Data:
- - -

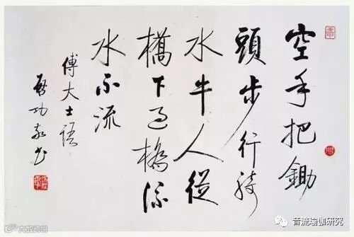 傅大士,又称善慧大士。这都是后世禅宗和佛教中人对他的尊称。(大士或开士,都是佛学对菩萨一辞意译的简称。)他是浙江东阳郡义乌县双林乡人,父名傅宣慈,母王氏。大士生于齐建武四年(公元四九七年),禅宗初祖达摩到中国时,他已二十三岁。本名翕(xi1:合,和顺)又说名弘,十六岁,娶刘妙光为妻。生二子,一名普建,一名普成。他在二十四岁时,和乡里中人同在稽亭浦捕鱼,捕到鱼后,他又把鱼笼沉入水中,一边祷祝着说:“去者适,止者留。”大家都笑他是“愚人”。
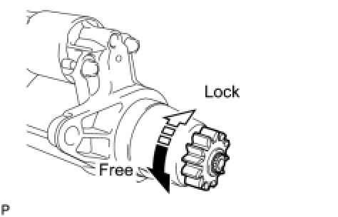 (1) Rotate the clutch pinion gear counterclockwise and check that it turns freely. Try to rotate the clutch pinion gear clockwise and check that it locks.
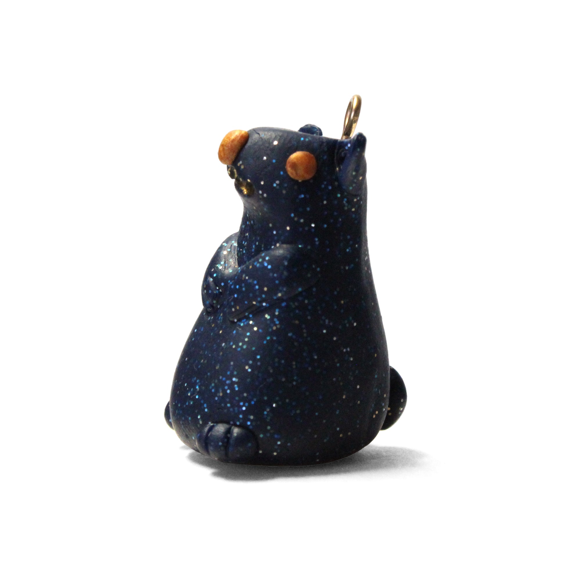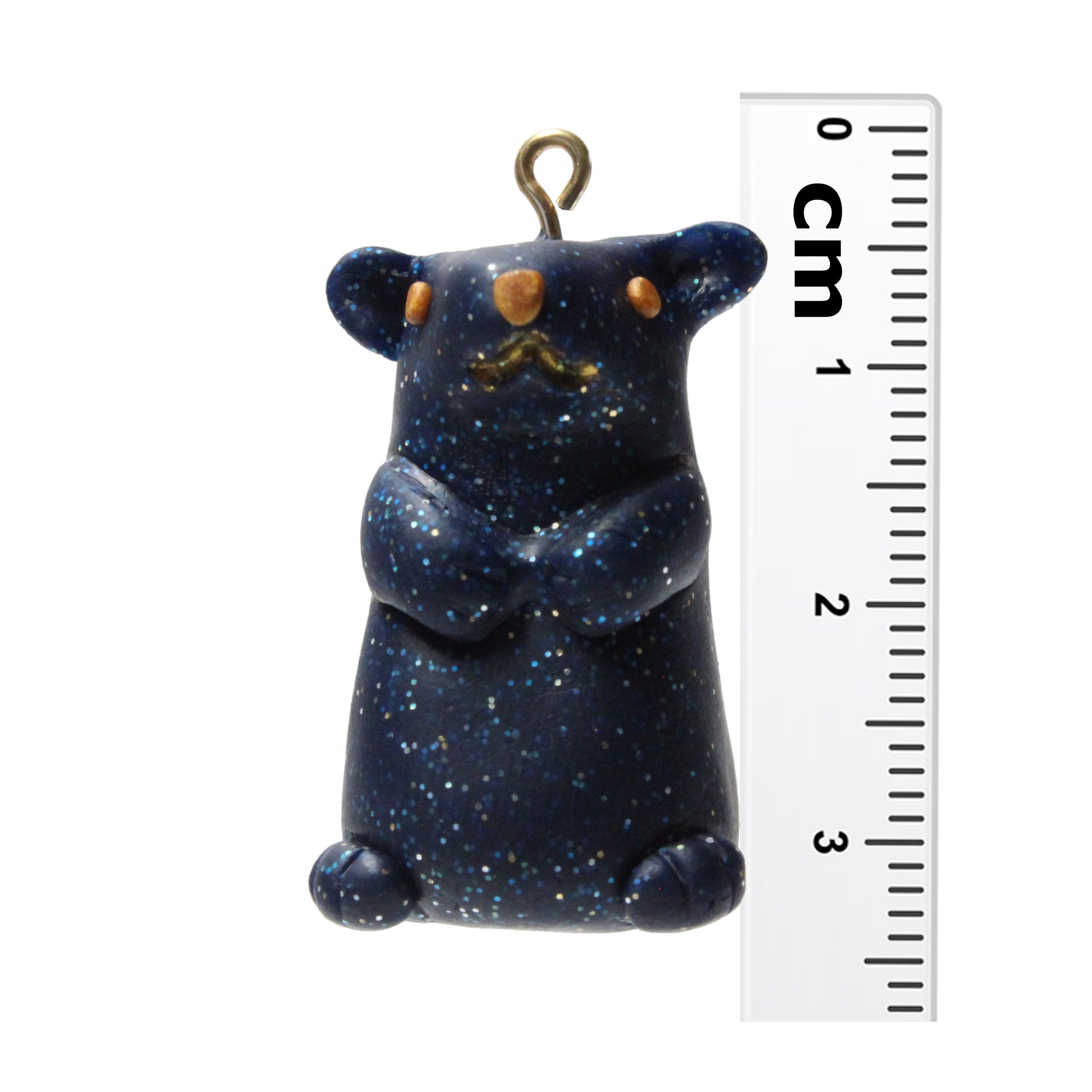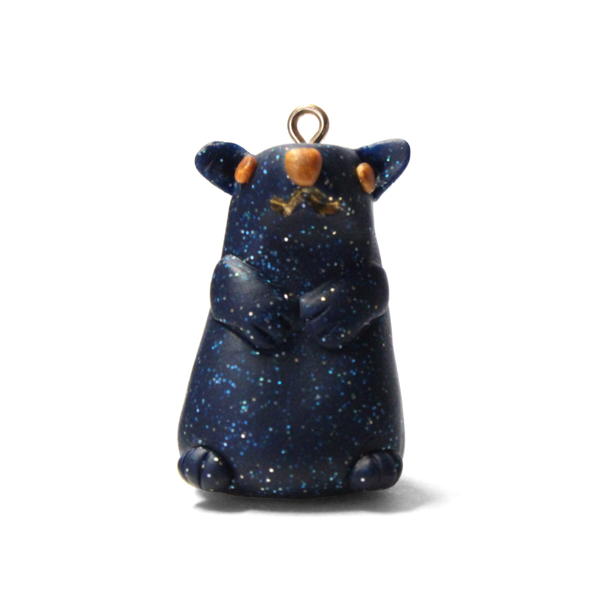 GALAXY HAMSTER Charm is a cute, loveable critter that eagerly sits and looks up at you with curiosity. Each hamster is hand-crafted individually from polymer clay and is a dark night blue with starry glitter. Each charm comes with an eyelet for attaching a jump ring. Use as a necklace charm, purse charm or attach to a keychain.

- - -

What you are asked to do: Without including any image, reproduce the full listing above as written.

Exercise solution:
 傅大士,又称善慧大士。这都是后世禅宗和佛教中人对他的尊称。(大士或开士,都是佛学对菩萨一辞意译的简称。)他是浙江东阳郡义乌县双林乡人,父名傅宣慈,母王氏。大士生于齐建武四年(公元四九七年),禅宗初祖达摩到中国时,他已二十三岁。本名翕(xi1:合,和顺)又说名弘,十六岁,娶刘妙光为妻。生二子,一名普建,一名普成。他在二十四岁时,和乡里中人同在稽亭浦捕鱼,捕到鱼后,他又把鱼笼沉入水中,一边祷祝着说:“去者适,止者留。”大家都笑他是“愚人”。
 (1) Rotate the clutch pinion gear counterclockwise and check that it turns freely. Try to rotate the clutch pinion gear clockwise and check that it locks.
 GALAXY HAMSTER Charm is a cute, loveable critter that eagerly sits and looks up at you with curiosity. Each hamster is hand-crafted individually from polymer clay and is a dark night blue with starry glitter. Each charm comes with an eyelet for attaching a jump ring. Use as a necklace charm, purse charm or attach to a keychain.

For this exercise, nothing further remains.